WHAT IS REQUIRED >> Pictures stay out of the copy. Repeat exactly the lines from the first entry below through the line that contains "Things are looking", and nothing beyond.

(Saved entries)
* * * * *
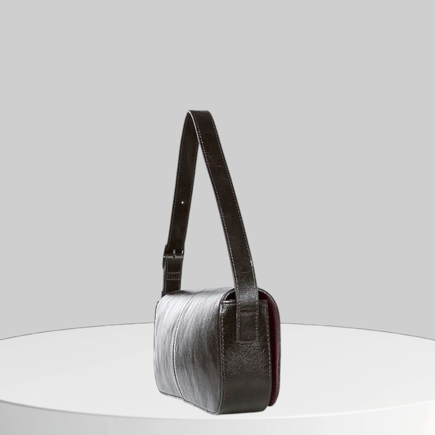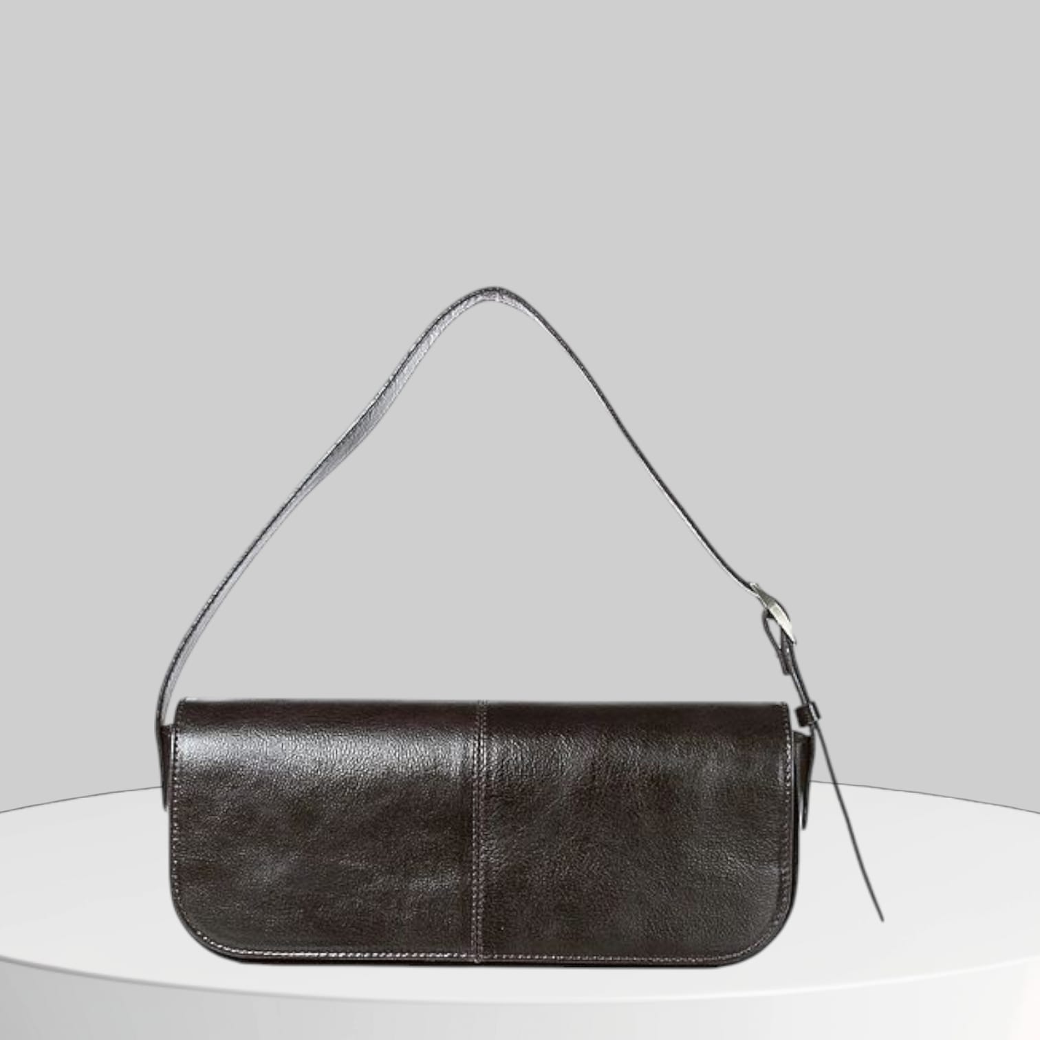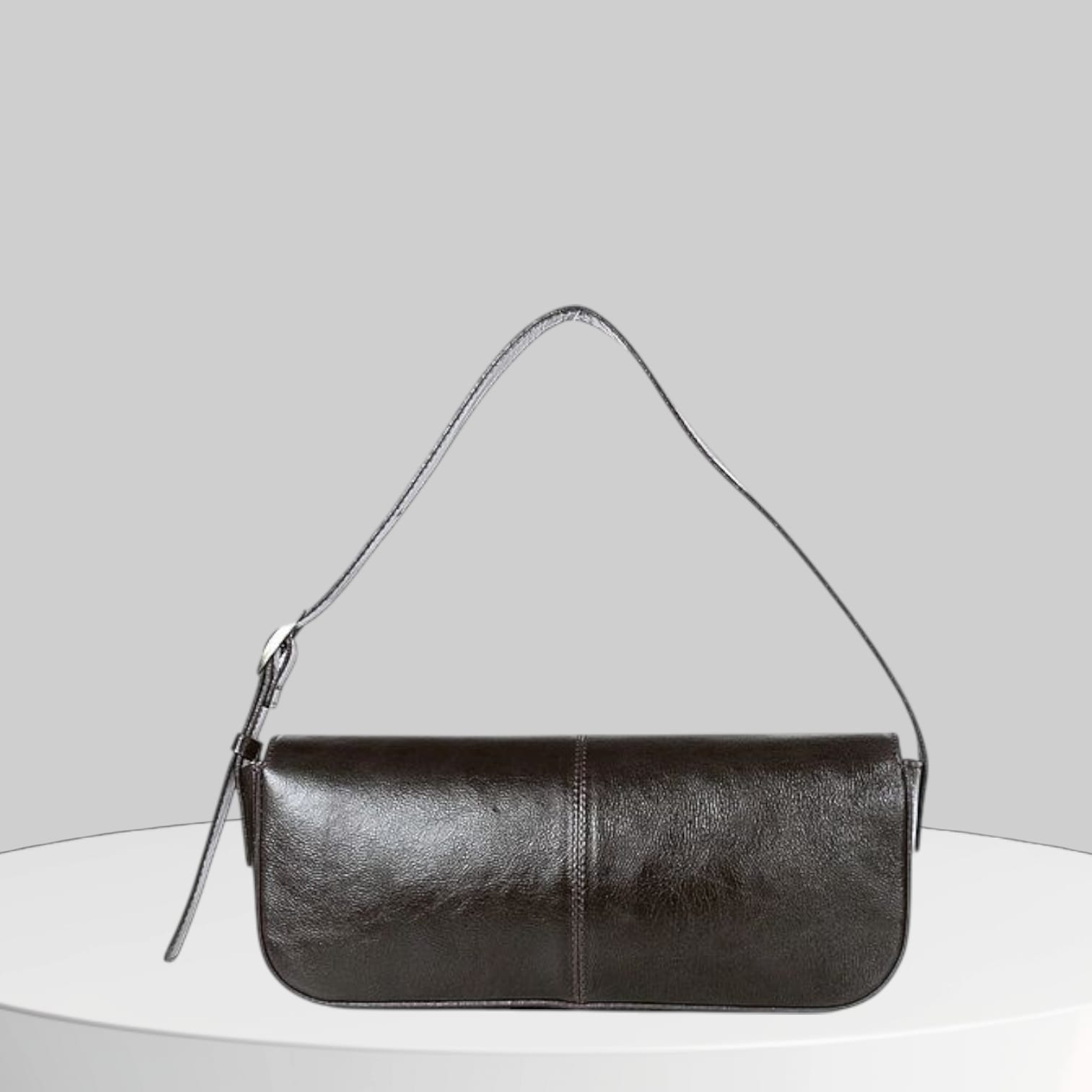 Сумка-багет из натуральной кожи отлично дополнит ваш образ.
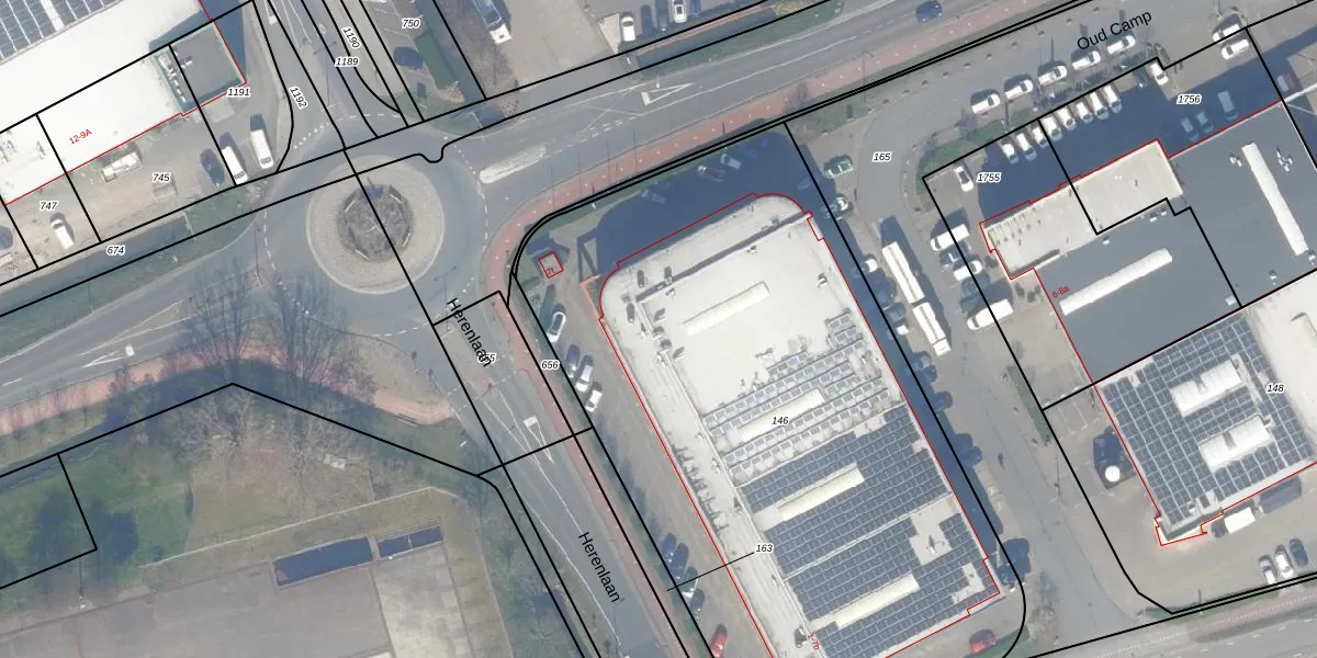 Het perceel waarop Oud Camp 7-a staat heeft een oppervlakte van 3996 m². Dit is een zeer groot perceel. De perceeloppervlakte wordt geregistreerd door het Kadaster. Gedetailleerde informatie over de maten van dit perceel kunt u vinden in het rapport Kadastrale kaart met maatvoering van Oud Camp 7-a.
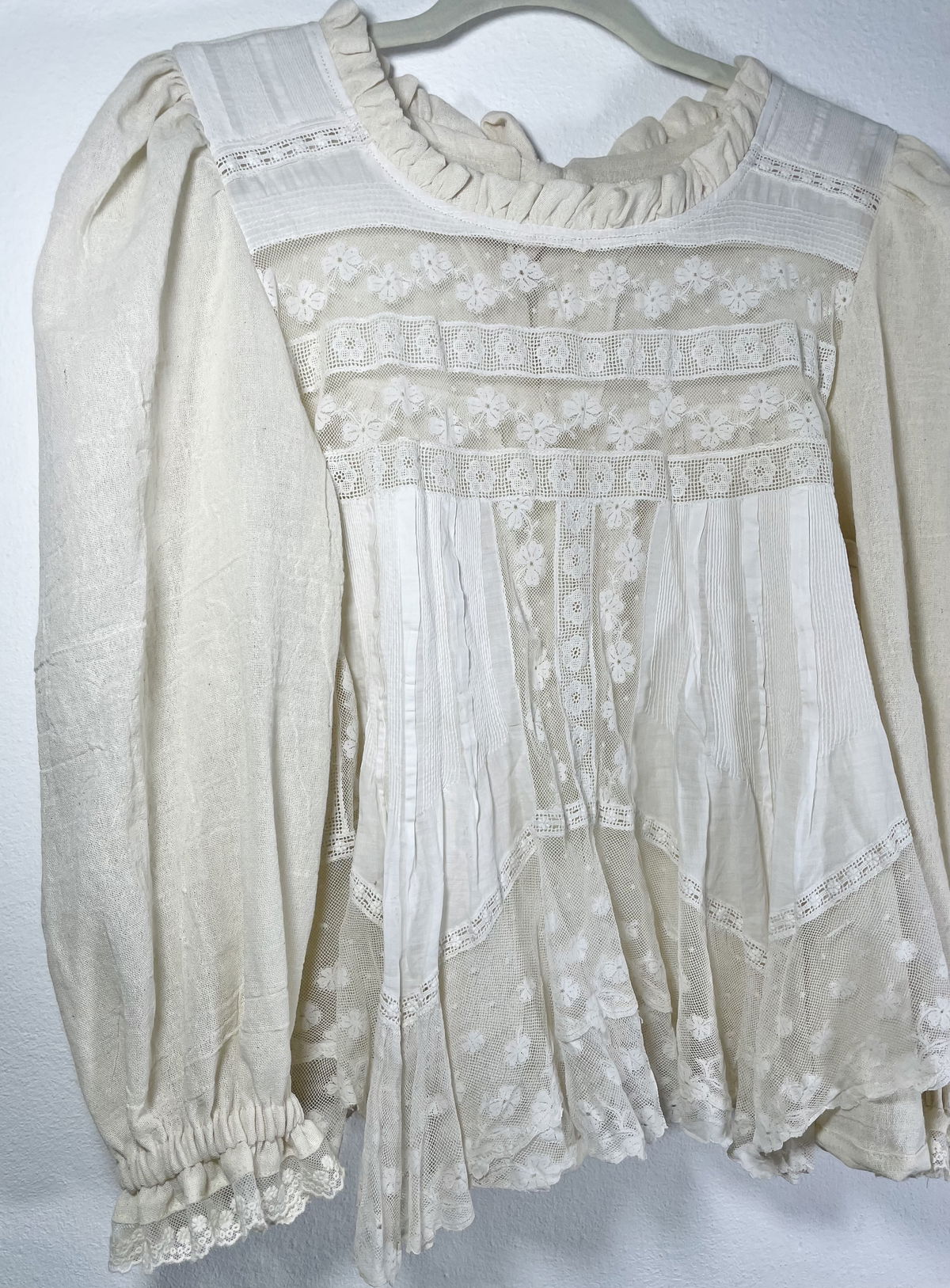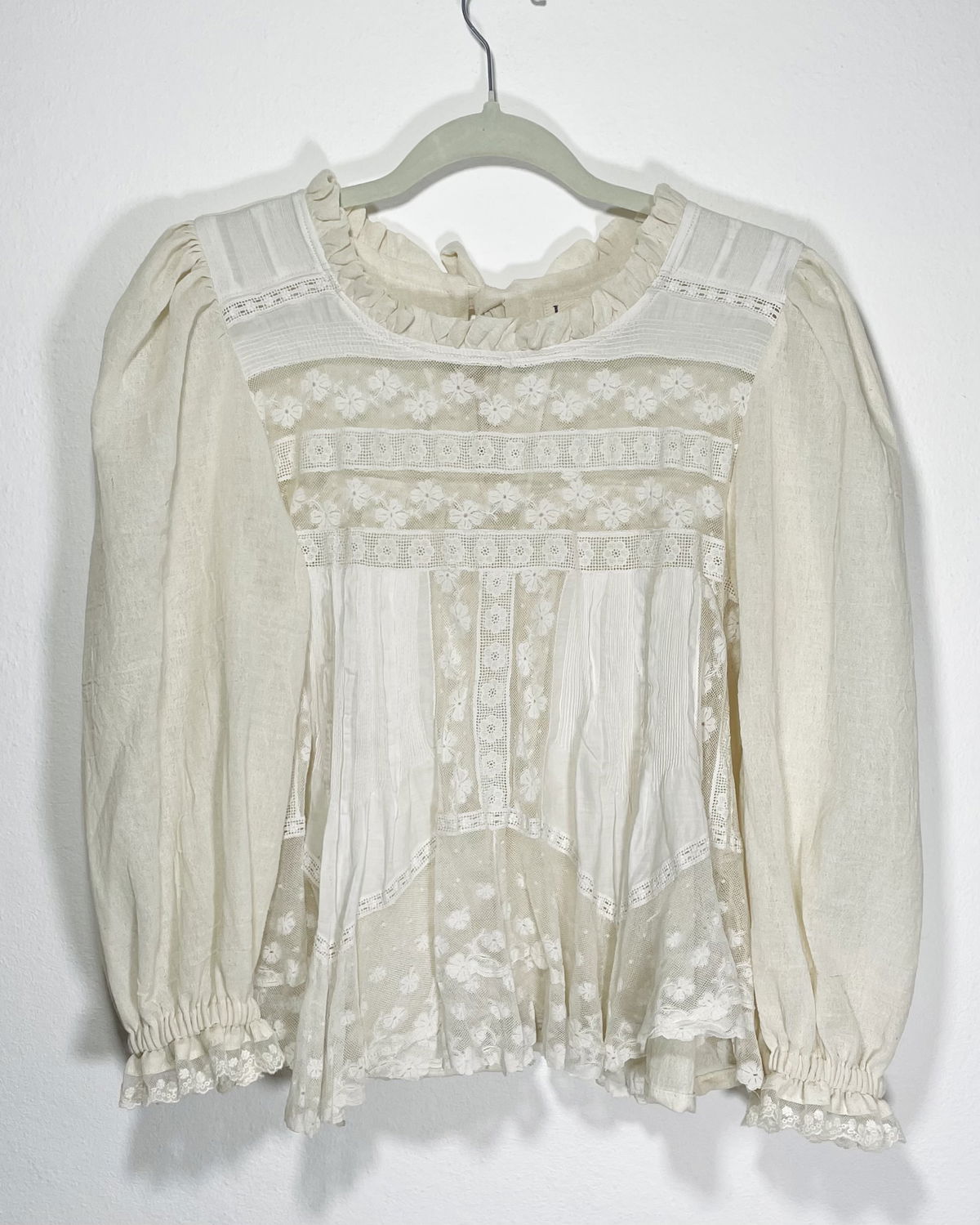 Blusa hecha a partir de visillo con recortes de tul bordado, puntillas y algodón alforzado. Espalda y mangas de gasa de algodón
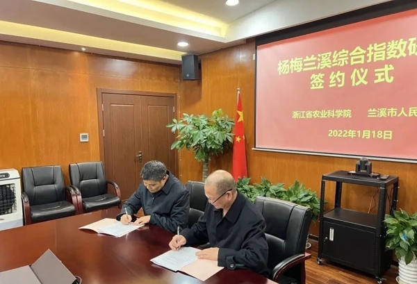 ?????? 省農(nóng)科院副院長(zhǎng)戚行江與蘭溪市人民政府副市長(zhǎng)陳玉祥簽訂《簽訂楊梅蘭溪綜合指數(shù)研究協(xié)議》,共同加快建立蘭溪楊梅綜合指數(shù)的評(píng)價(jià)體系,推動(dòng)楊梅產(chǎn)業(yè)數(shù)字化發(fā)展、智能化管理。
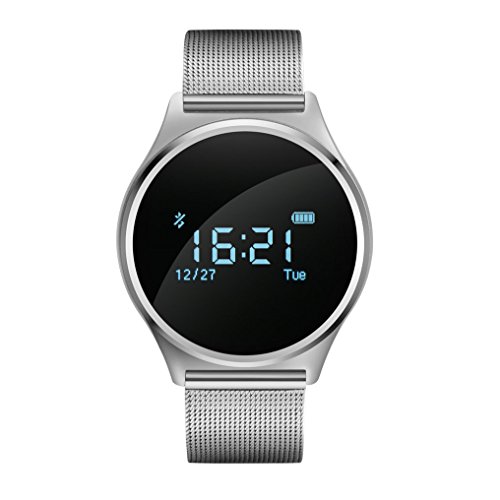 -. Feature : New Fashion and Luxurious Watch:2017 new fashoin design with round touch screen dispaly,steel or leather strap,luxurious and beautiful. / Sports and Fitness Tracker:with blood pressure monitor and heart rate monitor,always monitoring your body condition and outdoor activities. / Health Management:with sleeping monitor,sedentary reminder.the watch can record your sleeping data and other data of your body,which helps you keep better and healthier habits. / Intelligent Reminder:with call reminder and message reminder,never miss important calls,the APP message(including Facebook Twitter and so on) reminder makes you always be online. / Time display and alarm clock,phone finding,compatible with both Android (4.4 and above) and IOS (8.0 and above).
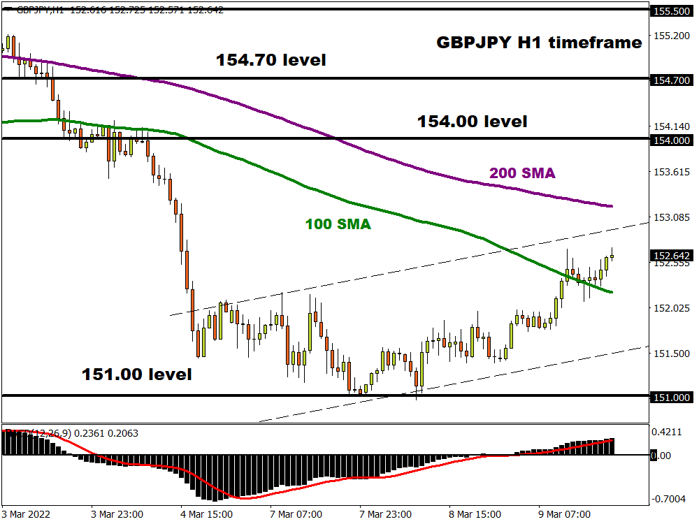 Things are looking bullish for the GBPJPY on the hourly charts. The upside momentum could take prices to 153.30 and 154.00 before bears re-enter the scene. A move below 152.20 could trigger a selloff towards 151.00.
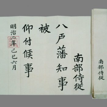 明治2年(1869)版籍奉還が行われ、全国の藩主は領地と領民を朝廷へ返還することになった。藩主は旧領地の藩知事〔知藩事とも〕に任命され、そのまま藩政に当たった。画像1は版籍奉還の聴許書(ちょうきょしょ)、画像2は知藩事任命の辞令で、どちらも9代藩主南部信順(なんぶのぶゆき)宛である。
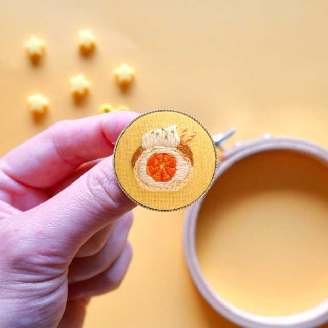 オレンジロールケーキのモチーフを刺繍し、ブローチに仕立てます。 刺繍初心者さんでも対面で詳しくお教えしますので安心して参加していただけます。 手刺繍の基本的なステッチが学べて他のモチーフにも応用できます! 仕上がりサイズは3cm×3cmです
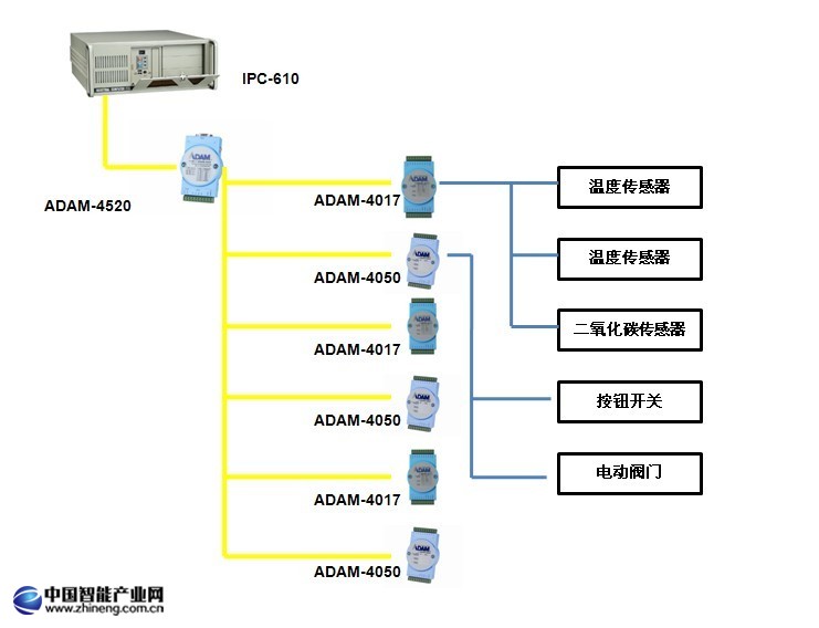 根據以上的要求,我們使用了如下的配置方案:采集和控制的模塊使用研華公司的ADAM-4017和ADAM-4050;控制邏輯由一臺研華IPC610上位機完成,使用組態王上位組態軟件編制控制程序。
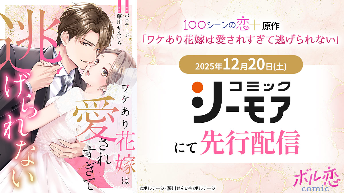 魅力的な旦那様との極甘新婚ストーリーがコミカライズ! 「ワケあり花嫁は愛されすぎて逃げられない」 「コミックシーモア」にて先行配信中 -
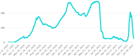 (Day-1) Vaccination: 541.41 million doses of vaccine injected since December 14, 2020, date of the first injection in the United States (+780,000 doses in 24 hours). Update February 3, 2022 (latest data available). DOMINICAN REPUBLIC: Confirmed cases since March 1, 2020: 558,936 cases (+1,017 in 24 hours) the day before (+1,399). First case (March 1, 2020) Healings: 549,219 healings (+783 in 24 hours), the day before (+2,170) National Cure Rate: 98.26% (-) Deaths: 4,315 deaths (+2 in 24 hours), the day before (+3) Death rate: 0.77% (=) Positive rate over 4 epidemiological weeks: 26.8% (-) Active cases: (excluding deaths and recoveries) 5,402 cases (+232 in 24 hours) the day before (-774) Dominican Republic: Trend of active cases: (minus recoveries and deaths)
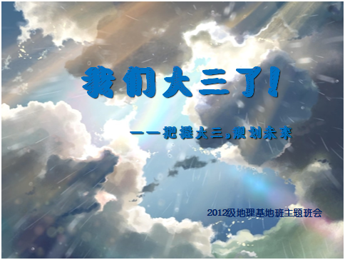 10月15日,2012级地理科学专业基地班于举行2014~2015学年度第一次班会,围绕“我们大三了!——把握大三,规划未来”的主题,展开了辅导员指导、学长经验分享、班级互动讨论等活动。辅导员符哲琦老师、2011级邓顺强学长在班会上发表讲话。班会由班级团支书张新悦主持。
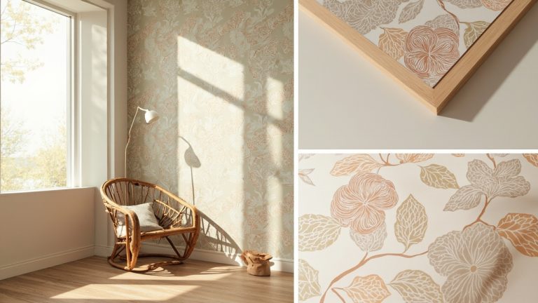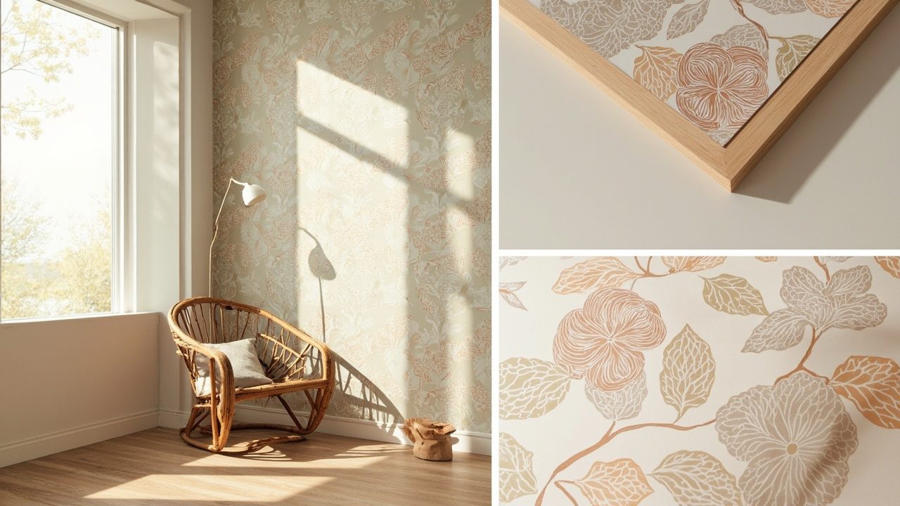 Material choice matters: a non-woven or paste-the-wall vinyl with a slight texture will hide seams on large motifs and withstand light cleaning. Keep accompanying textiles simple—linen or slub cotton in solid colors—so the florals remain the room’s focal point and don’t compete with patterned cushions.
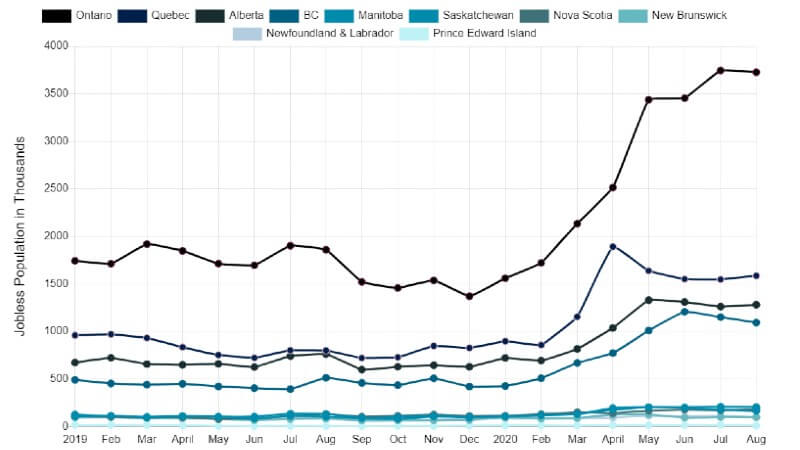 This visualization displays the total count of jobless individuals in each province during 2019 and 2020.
* * * * *
TASK RESULT >>
 Сумка-багет из натуральной кожи отлично дополнит ваш образ.
 Het perceel waarop Oud Camp 7-a staat heeft een oppervlakte van 3996 m². Dit is een zeer groot perceel. De perceeloppervlakte wordt geregistreerd door het Kadaster. Gedetailleerde informatie over de maten van dit perceel kunt u vinden in het rapport Kadastrale kaart met maatvoering van Oud Camp 7-a.
 Blusa hecha a partir de visillo con recortes de tul bordado, puntillas y algodón alforzado. Espalda y mangas de gasa de algodón
 ?????? 省農(nóng)科院副院長(zhǎng)戚行江與蘭溪市人民政府副市長(zhǎng)陳玉祥簽訂《簽訂楊梅蘭溪綜合指數(shù)研究協(xié)議》,共同加快建立蘭溪楊梅綜合指數(shù)的評(píng)價(jià)體系,推動(dòng)楊梅產(chǎn)業(yè)數(shù)字化發(fā)展、智能化管理。
 -. Feature : New Fashion and Luxurious Watch:2017 new fashoin design with round touch screen dispaly,steel or leather strap,luxurious and beautiful. / Sports and Fitness Tracker:with blood pressure monitor and heart rate monitor,always monitoring your body condition and outdoor activities. / Health Management:with sleeping monitor,sedentary reminder.the watch can record your sleeping data and other data of your body,which helps you keep better and healthier habits. / Intelligent Reminder:with call reminder and message reminder,never miss important calls,the APP message(including Facebook Twitter and so on) reminder makes you always be online. / Time display and alarm clock,phone finding,compatible with both Android (4.4 and above) and IOS (8.0 and above).
 Things are looking bullish for the GBPJPY on the hourly charts. The upside momentum could take prices to 153.30 and 154.00 before bears re-enter the scene. A move below 152.20 could trigger a selloff towards 151.00.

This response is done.